E anche se fino ad oggi è stato praticamente impossibile avere la prova di non essere soli, non c'è dubbio che tale sensazione sia andata rafforzandosi assieme alla nostra capacità di trasmettere a distanza prima simboli elementari e progredendo poi verso processi di trasmissione/ricezione sempre più raffinati.

Nel secolo passato abbiamo assistito a fenomeni, eventi, scoperte che hanno notevolmente intensificato questo sentimento e, insieme ad esso, è nata la paura di ciò che il futuro potrebbe avere in serbo per noi.

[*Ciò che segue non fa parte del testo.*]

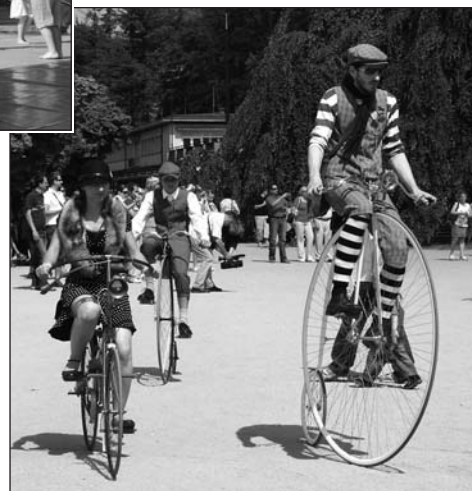
Historické bicykly atraktivní jako vždy

Speculando su questo, spesso pensiamo banalmente agli alieni e agli UFO (o UAP, Unidentified Aerial Phenomena - fenomeni aerei non identificati). Ma questo non è l'unico enigma a cui l'uomo di oggi vuole cercare di dare una risposta completa. È piuttosto la necessità di cercare metaforicamente di ‘guardare nel cortile di qualcun altro, cioè affacciarsi in una dimensione che non è quella che conosciamo e padroneggiamo.

E questo perché tali singolari fenomeni, analizzati oggi con un nuovo approccio, ci costringono spesso ad affrontare domande quasi a livello esistenziale, ai limiti della nostra comprensione, domande che puntano a un inimmaginabile, almeno per ora, altrove.

Un ‘altrove’ che, essendo sconosciuto, suscita sospetti ma soprattutto timore per la sola possibilità di dover affrontare qualcosa o qualcuno che non ha alcun riferimento alla nostra dimensione familiare.

L'unico elemento che sembra abbastanza sicuro, però, è che questo ‘qualcosa’ o ‘qualcuno’ non sarebbero entità terrestri, cioè si tratterebbe di entità non appartenenti alla civiltà umana sviluppatasi su questo pianeta.

Questo è il punto nodale in cui scienziati e menti umane si misurano con una sostanza sconosciuta, che sembra essere stata resa specificamente inspiegabile, se non a prezzo della negazione.

Una buona occasione per riflettere su questa e altre domande simili è stato il VII Congresso Internazionale di Ufologia Città di Roma, organizzato dal Centro Ufologico Nazionale a fine ottobre 2018, intitolato Dalla Guerra dei Mondi di Orson Welles agli UFO del Pentagono.

Un momento importante, soprattutto per via dell'evento che di recente ha destato un grande interesse: la rivelazione che il Pentagono ha avuto (e continua ad avere) un programma segreto di studio degli UFO, nonostante abbia ufficialmente negato per decenni ogni interesse per il fenomeno. Per questo programma di ricerca, denominato AATIP, è stato speso denaro pubblico per un ammontare di circa 22 milioni di dollari nel periodo che va dal 2007 al 2012.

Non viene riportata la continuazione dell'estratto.